I’m having to rething slices as bit.
What’s a slice? Well, lets try this definition:
“A slice is any compact subset of a totally ordered set.”
For the integers including +/- infinity with the usual ordering there are exactly five
classes of slice:
* the empty set
* all the integers
* all the integers above and including N
* all the integers below and including X
* a subrange N to X inclusive
Note I had to throw in +/- infinity as upper and lower bounds.
Set intersection is a binary operation on the set of all slices.
(the intersection of two slices is a slice).
In computing integer representations like “int” or “long” etc can be
considered as subranges of the integers, so each type can be
considered as a slice. In this case, min and max value the type
can represent are the ends of the slice.
The current representation is:
union slice[T] =
| Slice_all
| Slice_from of T
| Slice_from_counted of T * T /* second arg is count */
| Slice_to_incl of T
| Slice_to_excl of T
| Slice_range_incl of T * T
| Slice_range_excl of T * T
| Slice_one of T
| Slice_none
;
Now the problem I’m trying to solve is this:
At present you can do this:
astring.[slice]
and it calculates a substring:
fun subscript (x:string, s:slice[int]):string =>
match s with
| #Slice_all => substring (x, 0,
x.len.int)
| Slice_from (start) => copyfrom (x, start)
| Slice_to_incl (end) => copyto (x, end + 1)
| Slice_to_excl (end) => copyto (x, end)
| Slice_range_incl (start, end) => substring (x, start, end + 1)
| Slice_range_excl (start, end) => substring (x, start, end)
| Slice_from_counted (start, count) => substring (x,start, start + count)
| Slice_one (index) => string x.[index]
endmatch
;
However it cheats!
fun substring: string * !ints * !ints -> string =
"::flx::rtl::strutil::substr($1:assign,$2:assign,$3:assign)" requires package "flx_strutil";
// normalise string positions Python style
// note substr requires 0<=b<=size, 0<=n,
// however n>size is OK
template<class T>
basic_string<T> substr(basic_string<T> const &s, int b, int e)
{
int n = s.size();
if(b<0) b=b+n;
if(b<0) b=0;
if(b>=n) b=n;
if(e<0) e=e+n;
if(e<0) e=0;
if(e>=n) e=n;
int m = e-b;
if(m<0) m=0;
return s.substr(b,m);
}
The idea is from Python, that -1 is the last char in the string,
-2 is the second last, etc.
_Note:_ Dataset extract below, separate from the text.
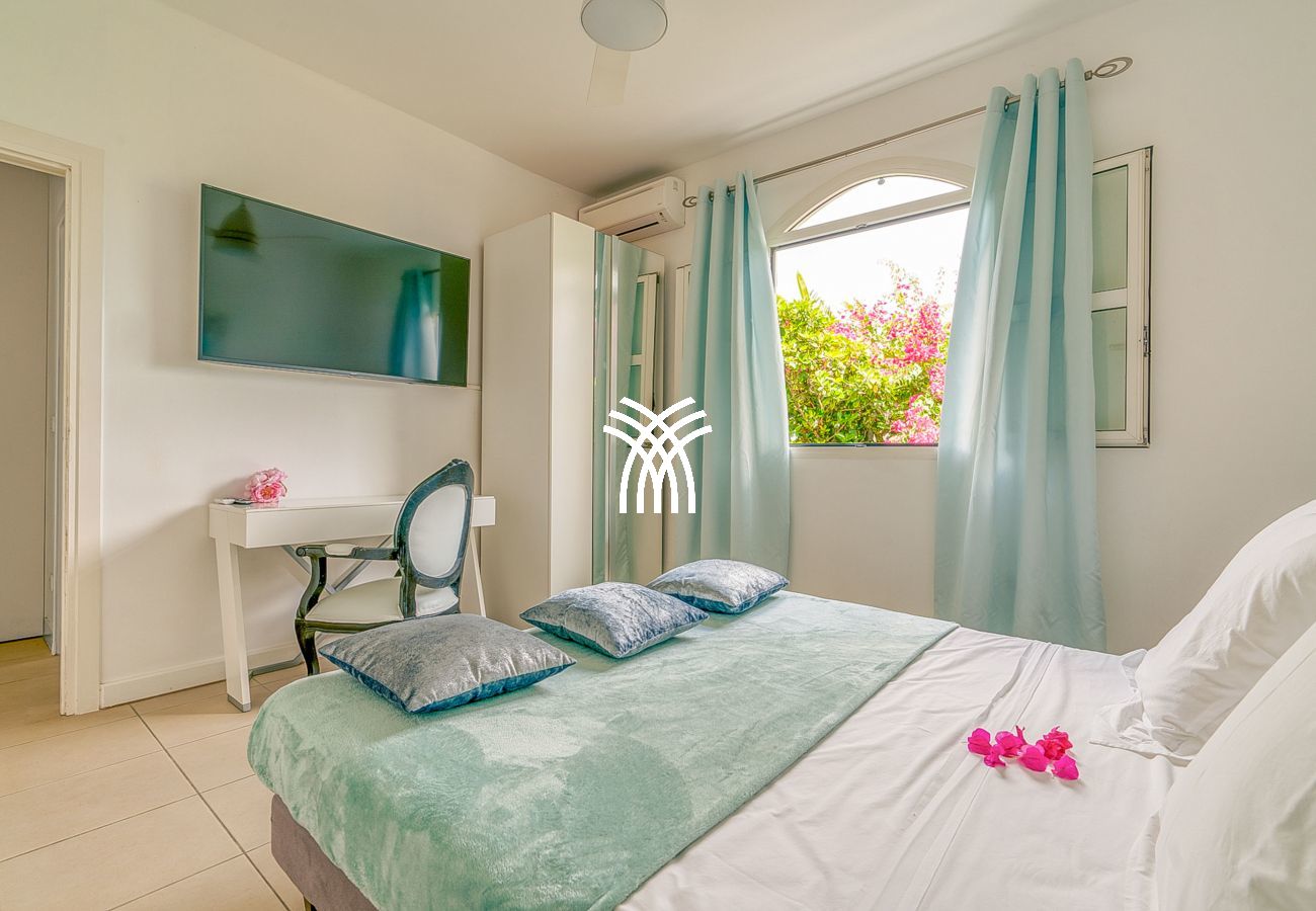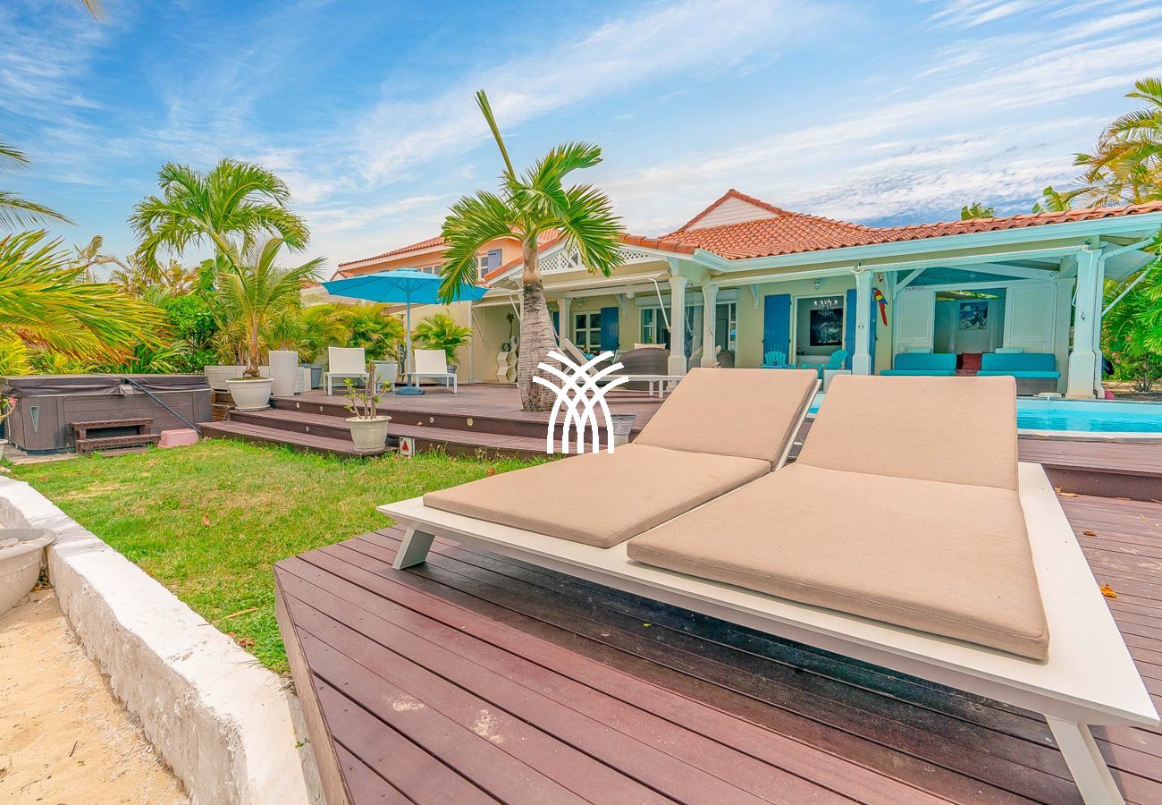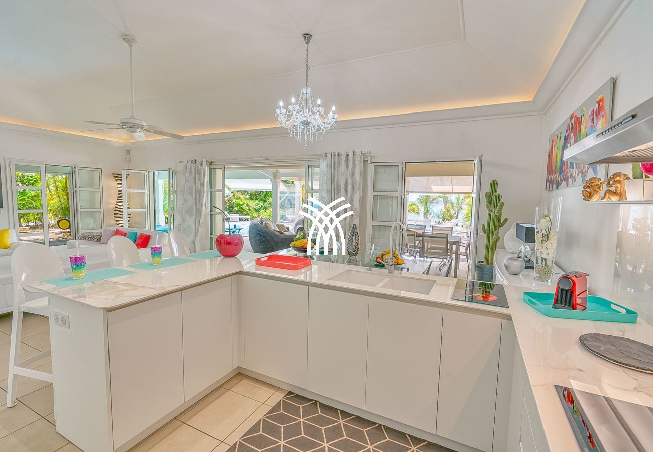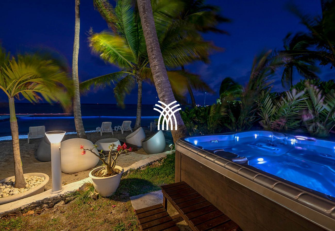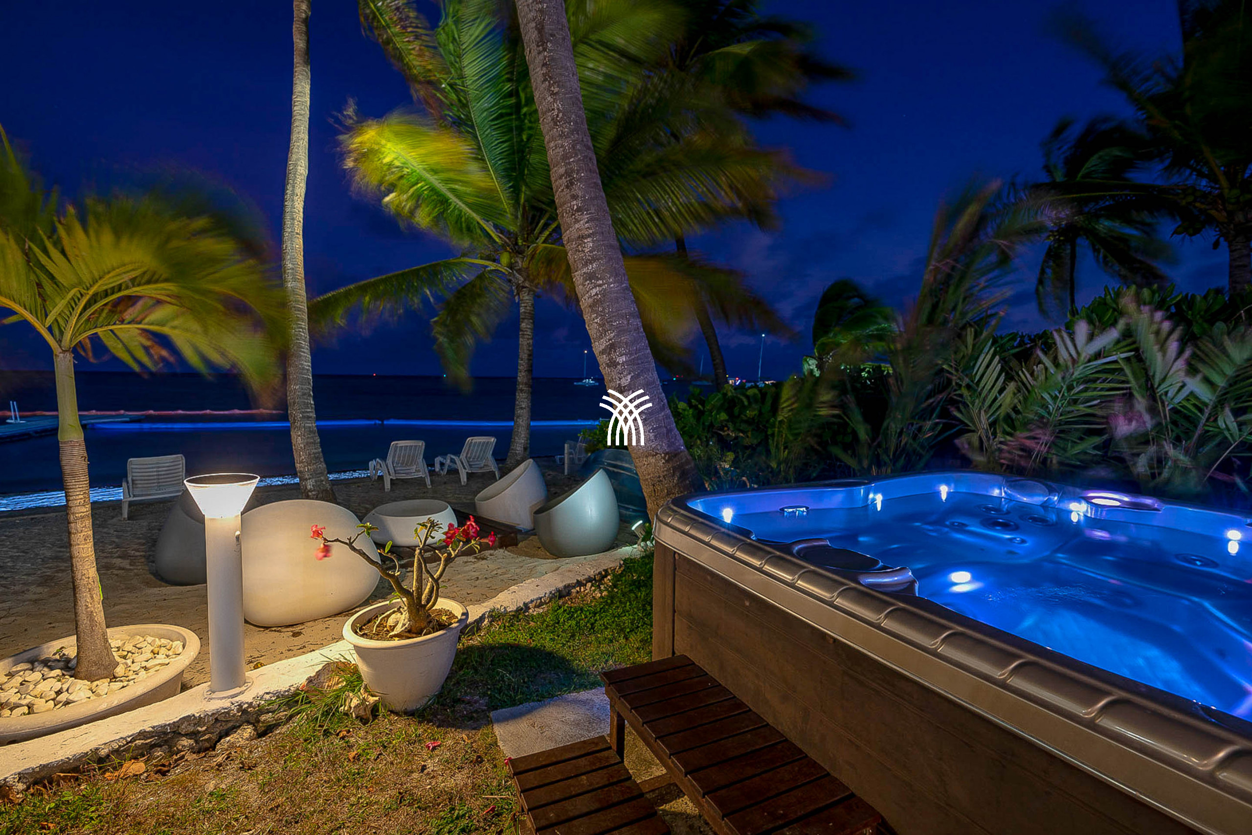 La Villa Beach 8 Guadeloupe est une maison de vacances de prestige, offrant un accès direct sur le lagon de Saint-François. Vous pourrez profiter de toutes les commodités à pied : le logement se situant à une centaine de mètres de la marina et ses commerces. Pouvant accueillir jusqu’à 6 personnes et 1 enfant, vous trouverez dans la maison, trois chambres climatisées dont une avec sa propre salle d'eau. Les deux autres chambres se partageant une salle de bain. La Villa Beach 8 Guadeloupe, spacieuse et lumineuse, dispose d’une large terrasse avec piscine et se son tout nouveau jacuzzi. La cuisine américaine entièrement équipée et la table extérieure vous raviront pour des repas locaux savoureux. De nombreuses ouvertures vous permettent de profiter de la vue mer et du jardin. Cette villa pieds dans l'eau sera le lieu parfait pour des vacances en Guadeloupe.

The reason is to get the tail of a string,
you have to refer to the end of the string and work backwards.
The algorithm above allows negative indices, it translates them
to positive ones by adding on the length of the string,
and then clips the resulting “slice” by intersecting it with the
slice 0..n-1 where n is the string length. At least I hope it does :)
At the moment you cannot slice arrays! So what I was looking
at was slicing varray to a varray, darray, bsarray, and sarray.
A slice of an farray (T^N kind of array) can’t be an farray because
the arguments of the slice are not known at compile time
so if done it would have to be at least a darray.
I was also thinking about slicing lists.
Also on top of that compehensions with slices, that is,
building a varray, etc or list from a slice (that is,
a list comprehension based on a slice would be a list
of integers in the range of the slice). For example:
([ 1..3 ]) == ([1,2,3])
The “negative indices” thing worries me. The math doesn’t feel right.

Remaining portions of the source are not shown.